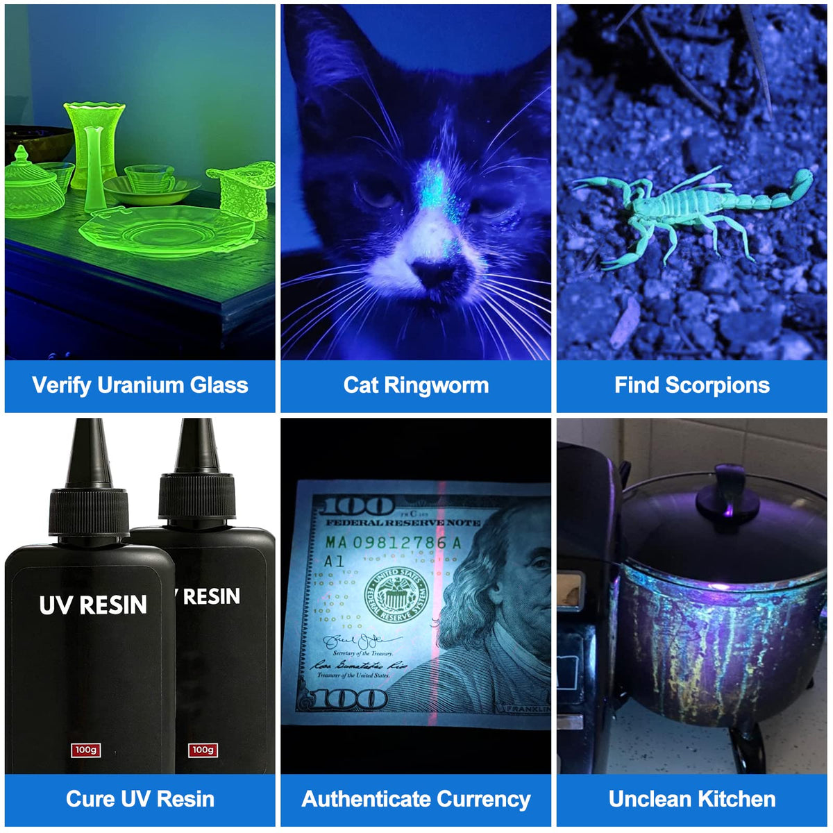 How Does It Work?Uv Or Ultraviolet Is A Type Of Light That Is Emitted In The Non-Visible Spectrum - So You Can'T See It. It'S The Portion Of The Rainbow You See In The Sky Where The Violet Disappears Into A Blur - The Blur And The Section Onward Is The Uv Spectrum, Which You Can'T See But It'S There. Vansky Black Light Uv Flashlight Is Special 365 Nanometer Wavelength Of Uv Light, The Special Structure Of Certain Molecules Can Be Excited By This Violet Light To Emit Different Colors Of Fluorescence. Such As Pet Urine, Scorpions, Fluorescent Powder, Invisible Ink. What'S In The Box? 1 X 365Nm Uv Flashlight6 X Aaa Alkaline Battery1 X User Guide Features: Waterproof Level: Ipx4 Voltage : 9V Material : Aluminum Alloy Long Running Time :5+ Hours On Full Battery Notes: -Can Only Spot Dried Urine Stain; -Does Not Work On Reflective Surface Or Carpet With Fluoresce; -The Ultraviolet Led Blacklight Works Best In Dark Environment, The Darker It Is, The Better It Works; -For Few Dark Color Carpets, The Reflected Stain Color Will Be Very Close To The Color Of The Carpet, Making It Harder To See; -Remove All Batteries If You Did Not Intend To Use It For A Long Time.
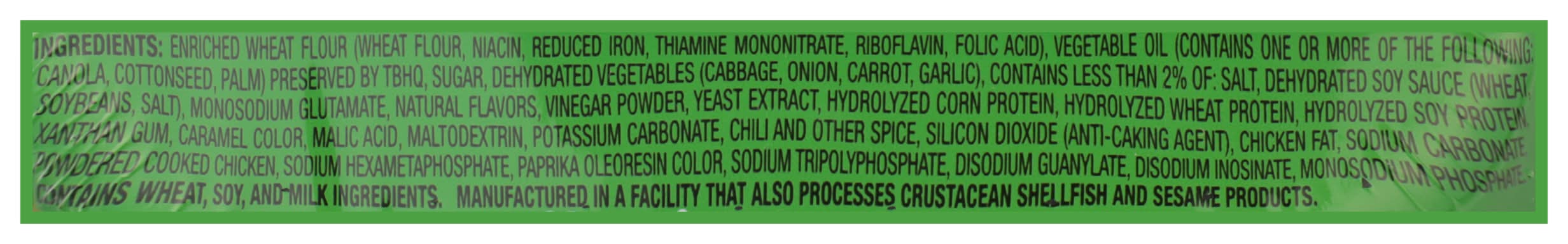Ingredients: Enriched Wheat Flour (Wheat Flour, Niacin, Reduced Iron, Thiamine Mononitrate, Riboflavin, Folic Acid), Vegetable Oil (Contains One or More of the Following: Canola, Cottonseed, Palm) Preserved by TBHQ, Sugar, Dehydrated Vegetables (Cabbage, Onion, Carrot, Garlic), Contains Less than 2% of: Salt, Dehydrated Soy Sauce, (Wheat Soybeans, Salt), Monosodium Glutamate, Natural Flavors, Vinegar Powder, Yeast Extract, Hydrolyzed Soy Protein, Hydrolyzed Wheat Protein, Hydrolyzed Soy Protein, Xanthan Gum, Caramel Color, Malic Acid, Maltodextrin, Potassium Carbonate, Chili and Other Spice, Silicon Dioxide (Anti-Caking Agent), Chicken Fat, Sodium Carbonate, Powdered Cooked Chicken, Sodium Hexametaphosphate, Paprika Oleoresin Color, Sodium Tripolyphosphate, Disodium Guanylate, Disodium Inosinate, Monosodium Phosphate Contains: Soybeans, Milk, Wheat, Crustacean Shellfish, Sesame
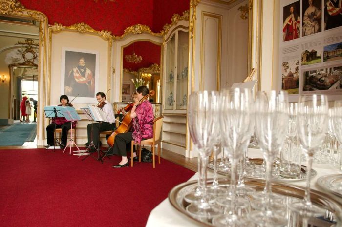 Although the majority of these collections were dispersed when the house was sold in 1917, full-length portraits still hang within massive gilt frames in the Staircase Hall, and the sitting room is furnished to reflect the original style of the 1840s. The gardens and dairy contain a remarkable collection of 18th- and 19th-century statues.
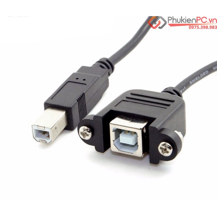 Dây cáp USB 2.0 Type B Male to Female (đực sang cái, BM-BF) thiết kế dạng đầu bắt ốc vít. Sử dụng nối dài cáp tín hiệu máy in Printer, thiết bị lưu trữ hdd docking, hdd box, máy móc công nghiệp, máy lập trình…Sản phẩm giúp bạn dễ dàng lắp đặt thiết bị, bảo vệ đầu cáp USB 2.0 Type B trên thiết bị, di dây ngọn gàng, lắp đặt thiết bị nơi đặc biệt: tủ rack, hộp kỹ thuật chuyên dụng…
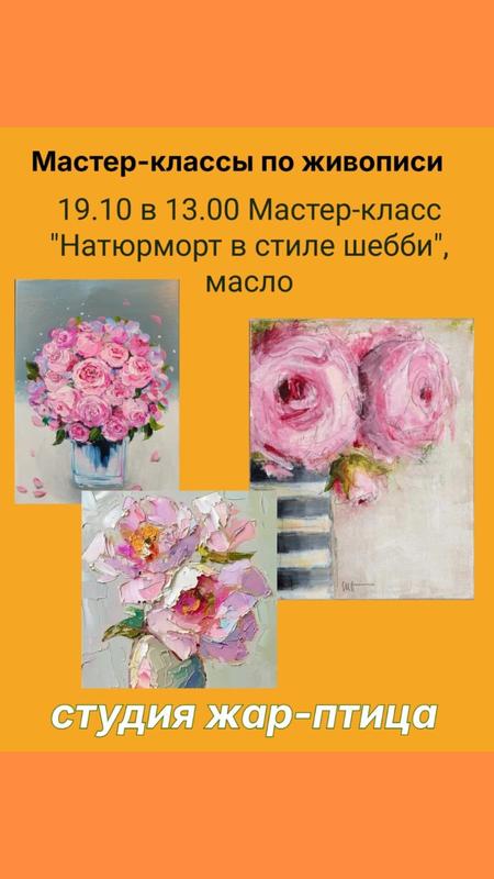 19.10 в 13.00 Мастер-класс "Натюрморт в стиле шебби", масло 2000 ₽.
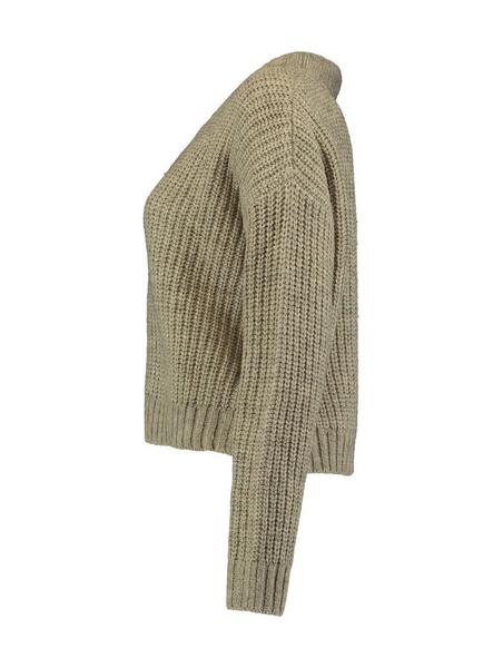 Grober Strickpullover mit Rollkragen. Rollkragen und Bündchen sind in Rippstrick abgesetzt.
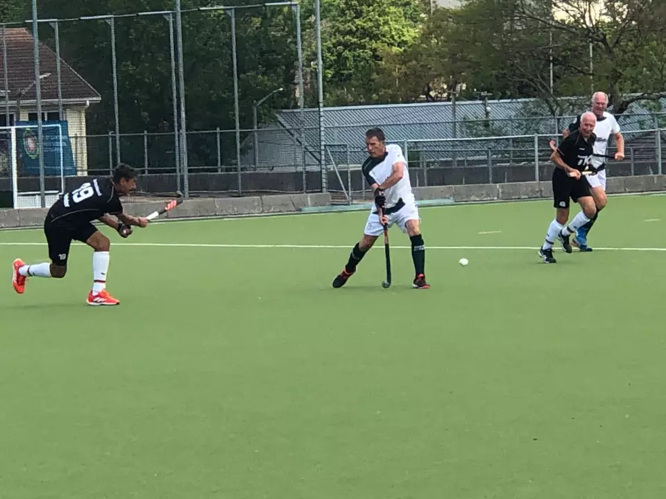 war in der ersten Halbzeit nicht gut. Torhüter Volker „Ente“ Geisler hielt überragend gegen die Schotten und wurde noch während des Spiels zum MVP bestimmt. Dennoch stand es 0:2 zur Halbzeit. In der beiden letzten Vierteln besann sich das O65 Team auf ihr Kontaktspiel, Vororientierung und hielt gegen die britische Härte dagegen. Zwei schön herausgespielte Tore von Adi Rehder und Hennes Jednat zum 2:2 waren die Folge. drei grüne und eine gelbe Karte steigerten nur die Kampfkraft. Mit diesem Unentschieden wurde der zweite Platz in der Gruppe C erreicht. Ein Wunschergebnis der Hockey-Mathematiker, da man so den vermeintlich favorisierten Holländern, Engländern und Australiern im Viertelfinale aus dem Weg gehen könnte. Vermeintlich; die nächsten Tage werden es zeigen.
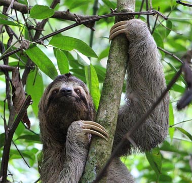 After another rest, the sloth unfurled his gangly limbs, turned his sweet face to the sky, and resumed his ascent. The nearer he came to the top of the tree, the further apart the branches spread. He waved his front limbs through the air, but found no branch within reach. So he tucked his chin into his chest and appeared to go to sleep. Had he given up, or was he deep in thought?

THE PROBLEM -> Begin with the line containing "Grober Strickpullover mit" and end with the last line of the entries above. Copy those lines exactly, both ends included, and drop every picture.

SOLVED EXERCISE ->
 Grober Strickpullover mit Rollkragen. Rollkragen und Bündchen sind in Rippstrick abgesetzt.
 war in der ersten Halbzeit nicht gut. Torhüter Volker „Ente“ Geisler hielt überragend gegen die Schotten und wurde noch während des Spiels zum MVP bestimmt. Dennoch stand es 0:2 zur Halbzeit. In der beiden letzten Vierteln besann sich das O65 Team auf ihr Kontaktspiel, Vororientierung und hielt gegen die britische Härte dagegen. Zwei schön herausgespielte Tore von Adi Rehder und Hennes Jednat zum 2:2 waren die Folge. drei grüne und eine gelbe Karte steigerten nur die Kampfkraft. Mit diesem Unentschieden wurde der zweite Platz in der Gruppe C erreicht. Ein Wunschergebnis der Hockey-Mathematiker, da man so den vermeintlich favorisierten Holländern, Engländern und Australiern im Viertelfinale aus dem Weg gehen könnte. Vermeintlich; die nächsten Tage werden es zeigen.
 After another rest, the sloth unfurled his gangly limbs, turned his sweet face to the sky, and resumed his ascent. The nearer he came to the top of the tree, the further apart the branches spread. He waved his front limbs through the air, but found no branch within reach. So he tucked his chin into his chest and appeared to go to sleep. Had he given up, or was he deep in thought?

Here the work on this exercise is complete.